Day 6: Python Functions and Karel

Resource:

Functions

As seen above these are some of the built-in functions that python provides. Functions are defined as a word or name followed by parenthesis such as print( ) etc.

NOW !!! What if we wanted to make our OWN functions??? OK, cool - but HOW??

To make our own function we need to DEFINE it by using the keyword def <name> ( ) for example def my_function( ): -------> dont forget the colon!!!

The function is like creating a recipe and then storing it for later. When you need it you "call" the function (recipe) by specifying the name and a set of parentheses and this is then activated. Instead of having to write out the whole recipe EVERY time you need it somewhere in your code, you just pull it out when you need it and this saves you loads of time and make your code easier to read.

def turn_right():
    turn_left()
    turn_left()
    turn_left()
    
def steps():
    move()
    turn_left()
    move()
    turn_right()
    move()
    turn_right()
    move()
    turn_left()

for jump in range(6):
    steps()

While Loops

The while loop, the loop that will continue going while a particular condition is TRUE!

We have seen 2 flavours of the "FOR loop:

• One, where we are looping through a LIST of items to do something with each item in that list.

  • for item in list-of-items: do something to each item

• and the other is using a RANGE function where we create a range between a and b , and then we use every number in that range to do something.

  • for number in range(a ,b) print(number)

The WHILE loop can be written as

• while something something_is_true: do something repeatedly unti the condition chnages to FALSE and then it will jump out of the loop

def turn_right():
    turn_left()
    turn_left()
    turn_left()
    
def steps():
    move()
    turn_left()
    move()
    turn_right()
    move()
    turn_right()
    move()
    turn_left()

number_of_hurdles = 6
while number_of_hurdles > 0:
    steps()
    number_of_hurdles -= 1
    print(number_of_hurdles)

Example:1

When to use For Loops and When to use While Loops:

Remember - for loops are good for iterating over something and you need to do something with each thing you are iterating over. So for example we are iterating through a list of fruits and we want to DO SOMETHING WITH EACH of the items in the list we have to use FOR LOOPS

Similarly we have use the RANGE function such as the one below, its easier to do with a FOR LOOP than a WHILE loop

Now you want to be using a WHILE loop when you don't really CARE what number in a sequence you're in, which item you are iterating through in a list or you just simply want to carry out some sort of functionality many, many times until some sort of condition that you set has been achieved or met.

Example 2

REMEMBER IF STATEMENTS CAN GO INSIDE LOOPS -- IDIOT!!!!!

def turn_right():
    turn_left()
    turn_left()
    turn_left()
    
def steps():
    #move()
    turn_left()
    move()
    turn_right()
    move()
    turn_right()
    move()
    turn_left()


#while at_goal() != True:
#    steps()
#print(at_goal)

while not at_goal():
    if wall_in_front():
        steps()
    else:
        move()

Example 3:

def turn_right():
    turn_left()
    turn_left()
    turn_left()
    
def steps():
    #move()
    turn_left()
    while wall_on_right():
        move()
        
    turn_right()
    move()
    turn_right()
    while front_is_clear():
        move()
    turn_left()
 
#while at_goal() != True:
#    steps()
#print(at_goal)

while not at_goal():
    if wall_in_front():
        steps()
    else:
        move()

Project of the Day: Escaping the Maze

There are a few things here at play:

• At the start of play, the direction the robot is going to face is random

• The position of the robot within in the maze will also be random

• The secret to complete the maze (see above) is to have the robot move along the right edge of the maze, TURNING RIGHT if it can and going STRAIGHT AHEAD if it cant turn right and turning LEFT as the last resort

By doing this will eventually get you to the destination. This is called a STRATEGY or rather in programming called an ALGORITHM.
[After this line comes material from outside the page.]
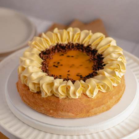 Keke de vainilla, crema de maracuyá y crema chantilly sabor maracuyá. 12 Porciones.

So following along the right side of the wall, and if the RIGHT side is CLEAR, to CONTINUE moving right until its no longer clear at which point it should turn LEFT

Step1: Turn Right

This step is to define a function - using the def <name>() method, of turning right

Step2:

The next thing to do, is we need to tell the robot to do things and to check for things until it reaches its goal. So we use a "while loop" to get the robot to continue working until it reaches the goal. To define that we will say while not at_goal(): (basically keep repeating the instructions inside this "while loop" until at_goal becomes TRUE )

So what we were told was to follow along the right edge. We should test to see if the right side is clear, and if it is we should turn right and go straight Lest use an "if statement" to test if right_is_clear(): we are going to turn right and then once facing right, to move forward.

To fix this we need an alternative condition, when the RIGHT is not clear, what should it do? So we will provide an elif statement, saying, "if the right is NOT clear, maybe we should check if the FRONT is clear? If it is then simply move forwards

def turn_right():
    turn_left()
    turn_left()
    turn_left()
    

while not at_goal():
    if right_is_clear():
        turn_right()
        move()
    
    elif front_is_clear():
            move()
            
    else:
        turn_left()